Directions for this task: Return the listing below exactly, with the pictures dropped.

Information supplied:
:::::
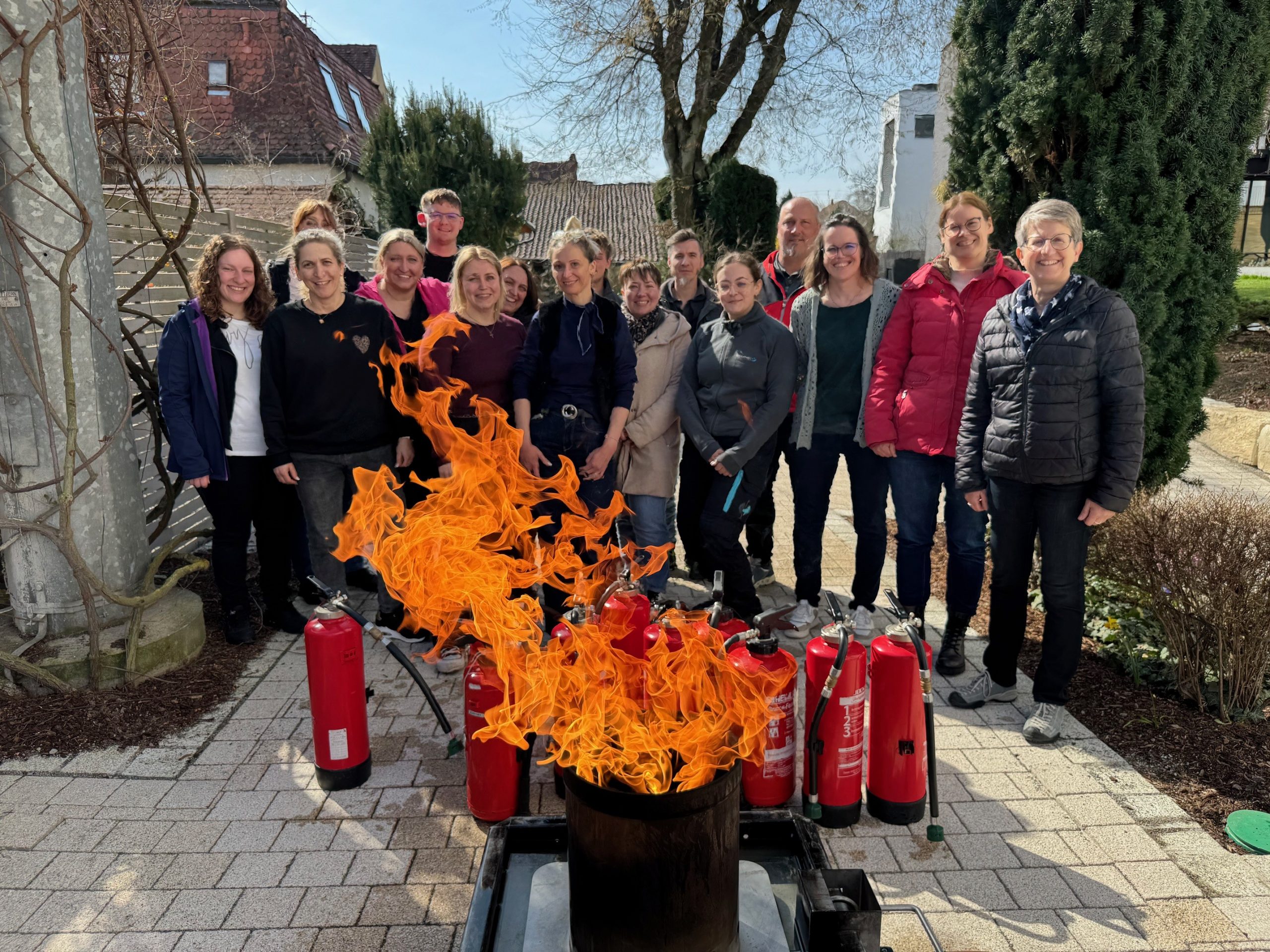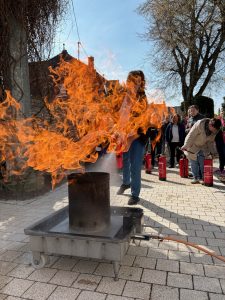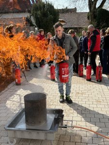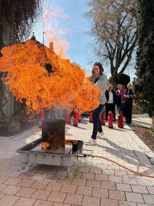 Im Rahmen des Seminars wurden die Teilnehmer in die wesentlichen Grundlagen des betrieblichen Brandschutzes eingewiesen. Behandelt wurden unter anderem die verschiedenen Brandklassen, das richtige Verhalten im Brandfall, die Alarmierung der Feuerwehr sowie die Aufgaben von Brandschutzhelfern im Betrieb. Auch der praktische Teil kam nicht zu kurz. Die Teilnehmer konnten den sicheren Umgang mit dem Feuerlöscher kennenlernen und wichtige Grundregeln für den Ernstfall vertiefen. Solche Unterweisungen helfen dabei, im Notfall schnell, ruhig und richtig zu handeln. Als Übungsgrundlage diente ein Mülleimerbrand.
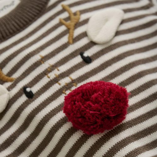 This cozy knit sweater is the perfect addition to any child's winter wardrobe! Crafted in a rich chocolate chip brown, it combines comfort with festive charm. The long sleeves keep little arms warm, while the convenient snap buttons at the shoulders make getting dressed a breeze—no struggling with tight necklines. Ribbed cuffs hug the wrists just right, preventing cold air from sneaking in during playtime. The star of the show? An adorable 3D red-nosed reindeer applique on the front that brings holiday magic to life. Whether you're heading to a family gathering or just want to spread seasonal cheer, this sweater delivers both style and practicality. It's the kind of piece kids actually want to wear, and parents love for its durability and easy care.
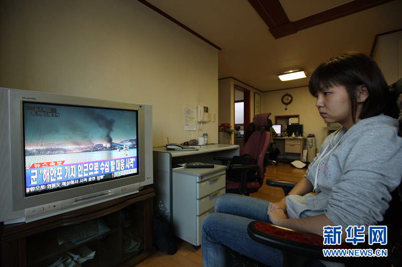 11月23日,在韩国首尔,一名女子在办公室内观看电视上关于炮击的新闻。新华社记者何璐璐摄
:::::
Your response:
 Im Rahmen des Seminars wurden die Teilnehmer in die wesentlichen Grundlagen des betrieblichen Brandschutzes eingewiesen. Behandelt wurden unter anderem die verschiedenen Brandklassen, das richtige Verhalten im Brandfall, die Alarmierung der Feuerwehr sowie die Aufgaben von Brandschutzhelfern im Betrieb. Auch der praktische Teil kam nicht zu kurz. Die Teilnehmer konnten den sicheren Umgang mit dem Feuerlöscher kennenlernen und wichtige Grundregeln für den Ernstfall vertiefen. Solche Unterweisungen helfen dabei, im Notfall schnell, ruhig und richtig zu handeln. Als Übungsgrundlage diente ein Mülleimerbrand.
 This cozy knit sweater is the perfect addition to any child's winter wardrobe! Crafted in a rich chocolate chip brown, it combines comfort with festive charm. The long sleeves keep little arms warm, while the convenient snap buttons at the shoulders make getting dressed a breeze—no struggling with tight necklines. Ribbed cuffs hug the wrists just right, preventing cold air from sneaking in during playtime. The star of the show? An adorable 3D red-nosed reindeer applique on the front that brings holiday magic to life. Whether you're heading to a family gathering or just want to spread seasonal cheer, this sweater delivers both style and practicality. It's the kind of piece kids actually want to wear, and parents love for its durability and easy care.
 11月23日,在韩国首尔,一名女子在办公室内观看电视上关于炮击的新闻。新华社记者何璐璐摄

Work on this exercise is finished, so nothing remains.